Table of Contents
2. The Roots: Fantastic Literature
2.1. Science Fiction: The Literature Of Change
2.2. Toward A Definition Of Fantasy
3. The Three Novels
3.1. What Makes The War Of The Worlds A Science Fiction Text?
3.2. What Makes Dracula A Fantasy Text?
3.3. Frankenstein: Something In Between
What makes a text a science fiction text? What makes it a fantasy text? In this study, I would like to discuss why it is impossible to clearly draw a line between these two genres. In order to do so, I am going to focus on the “justification” of the unreal, respectively, the supernatural elements of a story. I shall be discussing why a text can be considered a science fiction text or a fantasy text - and why, in some cases, there is no clear answer to the question of which genre a text is belongs to. While one might answer the two questions put at the beginning of this study rather quickly by stating a rule of thumb - scientific elements make a text a science fiction text, magical ones make it a fantasy text - it is obvious that this would lead to a very broad definition. It is thus necessary to go into detail, which I am going to do. In order to investigate what, apart from the technical and the magical elements, are the characteristics of the respective genres mentioned at the beginning, I am going to give the definitions of these terms which can be found in standard reference texts. In order to go into detail, I shall add more information from academic literature about the fantastic genre, which both science fiction and fantasy are part of. I would then like to go a step further by testing the definitions with the help of three texts - H.G. Wells's The War of the Worlds as an example for the science fiction genre and Bram Stoker's Dracula as an example for a fantasy text. In addition, I shall be discussing Mary Wollstonecraft Shelley's Frankenstein. In this text, there are elements of both science fiction and of fantasy. After this, I would like to conclude my study.

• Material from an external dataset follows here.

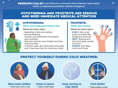 - dress warmly and cover exposed skin — frostbite can develop within minutes, especially with wind chill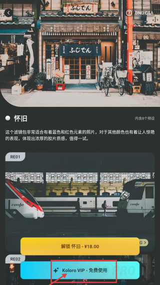 4、在濾鏡詳情頁,點(diǎn)擊Koloro-VIP-免費(fèi)使用按鈕,使用該懷舊濾鏡。

Any selection of texts will necessarily be arbitrary, as it is impossible to include everything into a study like this. I chose three texts from approximately the same period, as this will provide a sound basis. In addition, these texts are widely known, and there is generally no dispute over the fact that they are part of the fantastic genre.
2. The Roots: “Fantastic” Literature
Both science fiction and fantasy derive from a common basis. Both genres can be seen as sub-genres of “the fantastic”1, which is “a general term for all forms of human expression that are not realistic (...)”2. In addition, there is one more aspect.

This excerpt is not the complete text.